Why the world should care

Amid speculation about how Russia’s ageing post-Soviet oligarchs will transfer their wealth, the Mordashov story has attracted significant attention. It highlights an interest in how Russia’s super-wealthy lead their lives, and some of the long-term issues facing big business.

Russian IT company saves U.S. far right app Parler

Messaging service Parler, popular among the far right and ex-U.S. President Donald Trump’s more radical supporters, was removed by the Apple store and blocked by Amazon earlier this month. But it bounced back this week with a Russian accent. Parler’s return is at least partially due to the work of Russian IT firm DDoS-Guard, whose other clients include state organizations.

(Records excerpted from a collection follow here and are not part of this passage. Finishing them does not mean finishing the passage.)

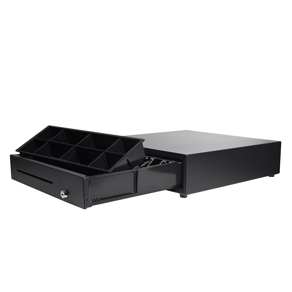Денежный ящик МойPOS MCD-405 предназначен для работы в системах массового обслуживания и торговых помещениях большой проходимости, в том числе супермаркетах, гипермаркетах и других крупных торговых точках. Денежный ящик представляет собой металлическую конструкцию, с утолщенными стенками для повышенной сохранности. Корпус ящика изготовлен из пожаробезопасных материалов. Поставляется c электромагнитным замком с различными напряжениями управления включения электромагнита, а также с управлением по интерфейсу RJ-11. Имеет 5 отделения для хранения купюр и 8 отделения для монет, одно из которых съемное, за счет чего образуется дополнительный слот для хранения купюр или чеков. Отсеки для купюр имеют пружинные лапки, фиксирующие купюры в лотке. При этом конструкция лотка для купюр позволяет кассиру не поднимать лапку при расчете. В комплекте поставляется два ключа.
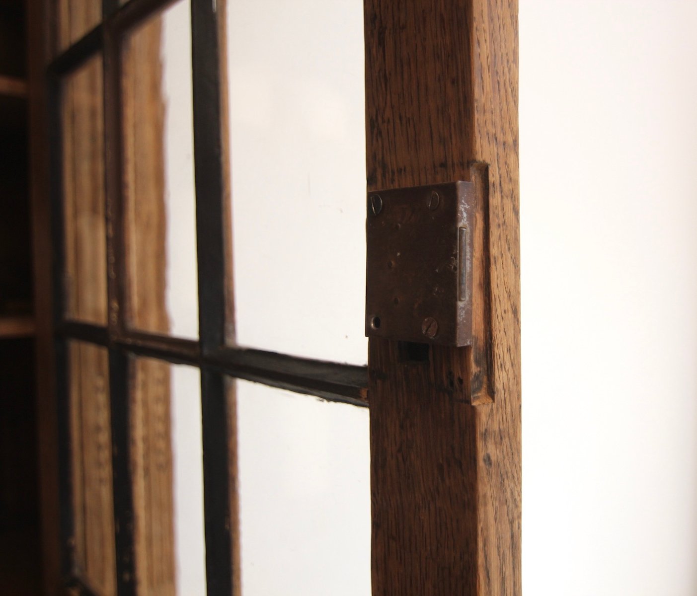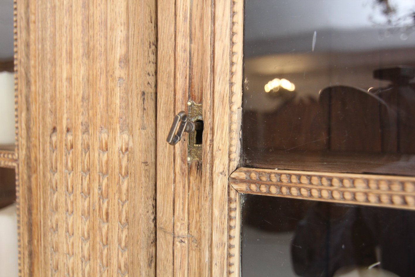 Guter authentischer Zustand mit altersbedingten Gebrauchsspuren, darunter kleinere Beschädigungen, alte Holzwurmkanäle (nicht aktiv!) und sichtbare Reparaturen. Vier Glasscheiben mussten durch neue ersetzt werden. Der Deckel wurde neu verleimt. Die vorderen Füße wurden angehoben. Die alte dunkle Oberflächenbeschichtung wurde von der Außenseite des Holzes entfernt und gebleicht, so dass die natürliche Textur des alten Eichenholzes nun unversiegelt und hell erscheint.
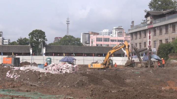 8月10日上午,在位于文昌街旁的项目一期A标建设现场,工人们抢抓晴好天气,正在进行基坑支护工作。
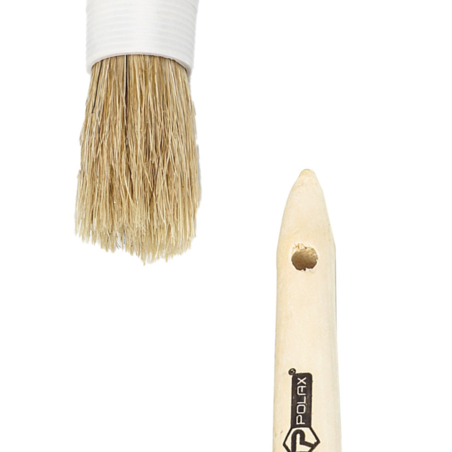 Круглий пензель Polax №4/25мм успішно поєднує в собі традиційні рішення і сучасні стандарти якості. Змішане волокно ворсу — це гарантія ідеального всмоктування та розподілу фарби, а кругла форма дозволяє використовувати пензель для реставраційних, декоративних і побутових робіт з різними фарбами або лакофарбовими матеріалами на різних поверхнях.
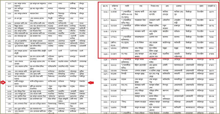 এর মধ্যে টাঙ্গাইলের মির্জাপুর উপজেলার ৯ জনের নাম রযেছে। ১৯৭১ সালের ১৬ ডিসেম্বরের পর তৎকালীন বিডিআর বর্তমানে বর্ডার গার্ড বাংলাদেশ’এ (বিজিবি) যোগদানকৃতরা হলেন, উপজেলার আনাইতারা ইউনিয়নের আতিয়া মামুদপুর গ্রামের শুকুর ব্যাপারীর ছেলে ময়শের আলী (জেসিও-৪০৭৩ না: সুবে:, গেজেট নম্বর ৬৬৭৭), বহুরিয়া ইউনিয়নের বেত্রাসিন গ্রামের খোরশেদ আলী মিয়ার ছেলে শাজাহান মিয়া (হাবি:সহ: গেজেট নম্বর ৬৮০৮), উয়ার্শী ইউনিয়নের নতুন কহেলা গ্রামের আব্দুল হাকিমের ছেলে রবিউল আওয়াল (হাবিলদার, গেজেট নম্বর ৬৮৭৬), বরোটিয়া গ্রামের আবুল হোসেন খানের ছেলে আবদুল জব্বার (না:সহ:, গেজেট নম্বর ৫৭৪৩), আউটপাড়া গ্রামের রাহাজ উদ্দিনের ছেলে এ বি সিদ্দিক (না:সুবে:, গেজেট নম্বর ৮৪১৬), ভাতগ্রামের মর্তুজা আলীর ছেলে আমজাদ আলী (হাবিলদার, গেজেট নম্বর ৭০০৪), বানাইল ইউনিয়নের ভাবখণ্ড গ্রামের এরশাদ খানের ছেলে কামরুজ্জামান (হাবিলদার, গেজেট নম্বর ৭২৬৮), ফতেপুর ইউনিয়নের শুভুল্যা গ্রামের নাজিম উদ্দিন মোল্লার ছেলে শহিদুর রহমান (হাবিলদার, গেজেট নম্বর ৮৪২০) এবং বিমান বাহিনীতে যোগদানকৃত উপজেলার জামুর্কী ইউনিয়নের কদিম ধল্যা গ্রামের কাজি হাবিবুর রহমানের ছেলে কাজি মাহমুদুর রহমান (গেজেট নম্বর ৯১৫)।

  • Parler’s traffic was partly routed via IP-addresses directly owned by DDoS-Guard, according to a Tuesday report by Bloomberg. And data protection experts pointed out Parler’s traffic went through Russia, albeit with an intermediate stop in Belize.
  • DDoS-Guard said in response that it does not provide Parler with hosting. However, this would not prevent the companies from having a different arrangement, for example, on the protection and routing of traffic.
  • DDoS-Guard is among Russia’s top 15 communications providers, focusing on information security. It was founded in 2011 by Yevgeny Marchenko and Dmitry Sabitov from the southern city of Rostov-on-Don, but its finances have never been publicly disclosed. Its negotiations with Parler were carried out via representatives in Edinburgh.
  • On its website, DDoS-Guard boasts of its own traffic-filtering network. And it has a license for data protection in Russia, which suggests it cooperates closely with the security services. Industry media describe the company as a Ministry of Defense contractor.

Why the world should care

As President Joe Biden makes his first steps in foreign policy, any revelation about Russian links to far right U.S. groups is fodder for those in Washington arguing for tough action against Moscow.